*TASK BRIEF*.
Print the listing exactly as it stands, and skip any pictures in it.

*DATA EXCERPT*.
***

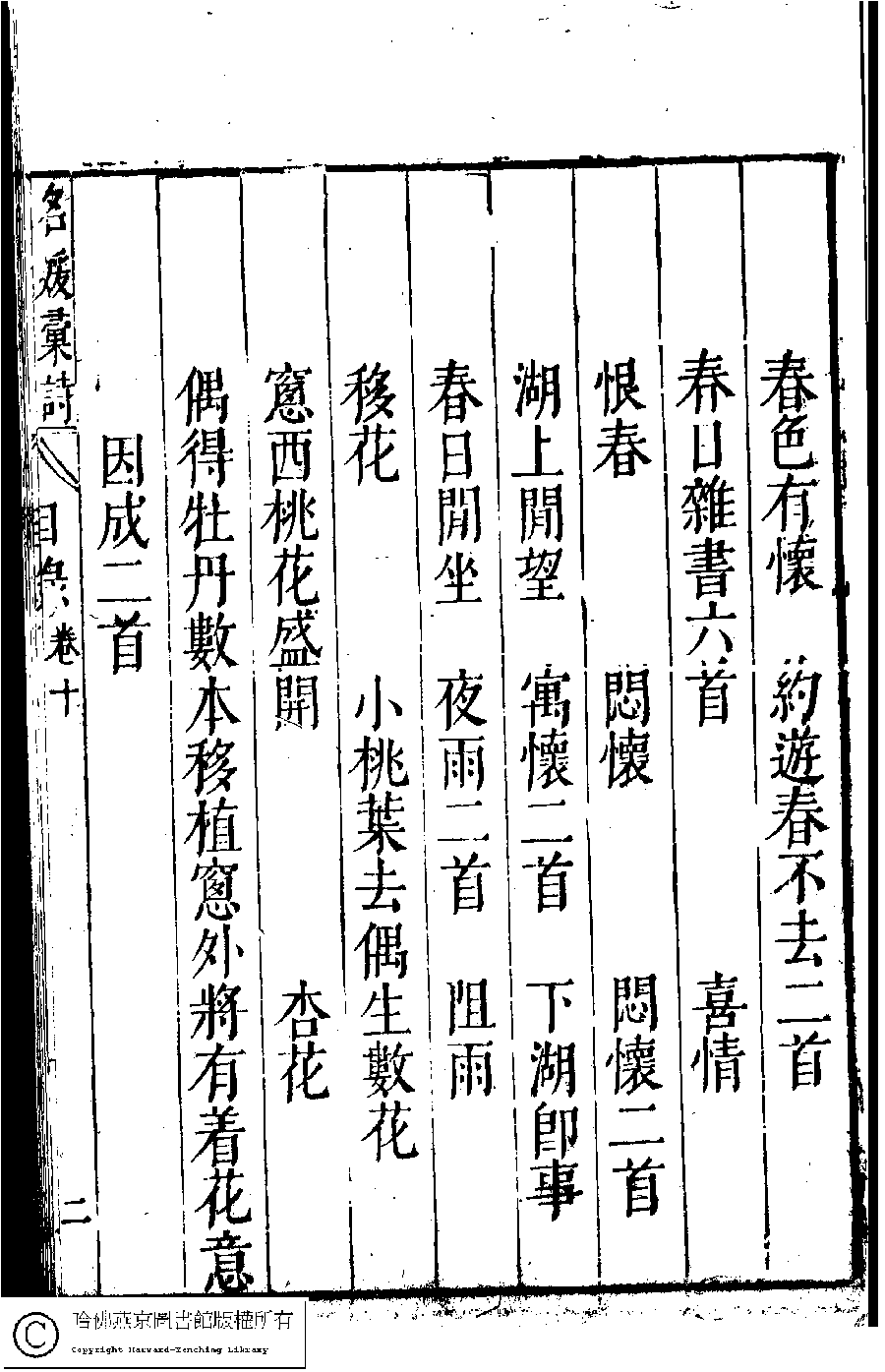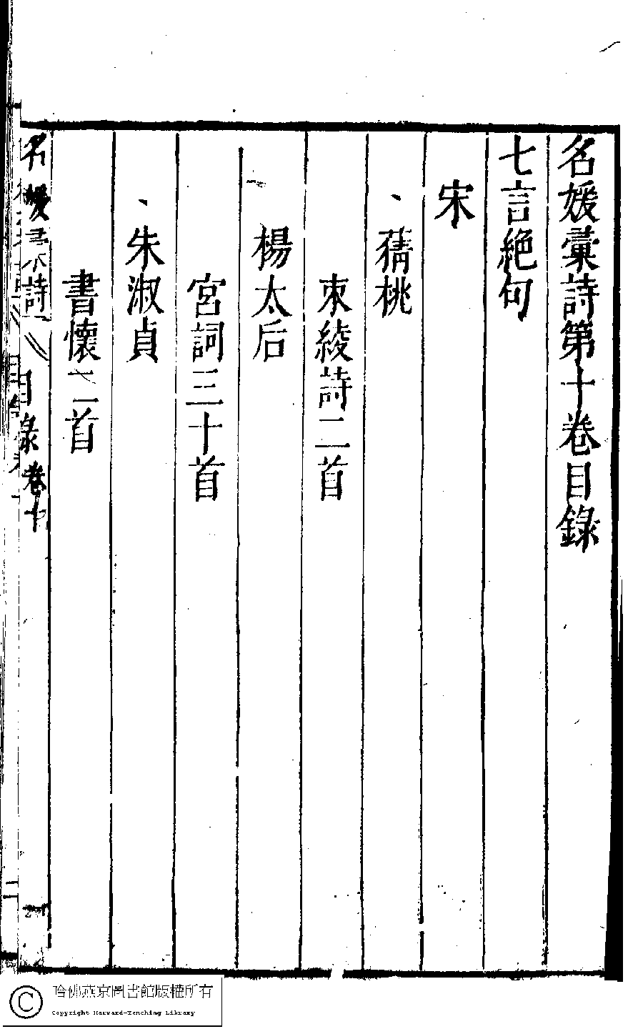 詩詞 [名媛彙詩第十卷目錄(七言絕句)]
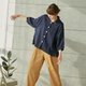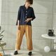 **3/4袖 彼得潘领 上衣 - 海军色**
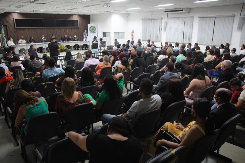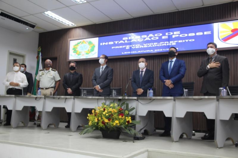 A Sessão de Instalação e Posse aconteceu no plenário da Câmara Municipal e reuniu autoridades locais e simpatizantes dos eleitos, observando o uso de máscara, álcool em gel e limitação de público.
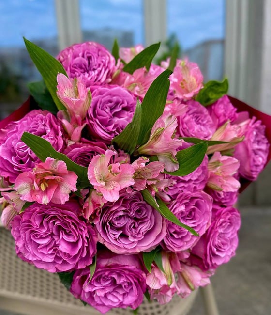 Яркий, стильный букет из фиолетовой пионовидной розы (15шт) и розовой альстромерии (6ст)

***

*RESULT OF THE EXERCISE*.
 詩詞 [名媛彙詩第十卷目錄(七言絕句)]
 **3/4袖 彼得潘领 上衣 - 海军色**
 A Sessão de Instalação e Posse aconteceu no plenário da Câmara Municipal e reuniu autoridades locais e simpatizantes dos eleitos, observando o uso de máscara, álcool em gel e limitação de público.
 Яркий, стильный букет из фиолетовой пионовидной розы (15шт) и розовой альстромерии (6ст)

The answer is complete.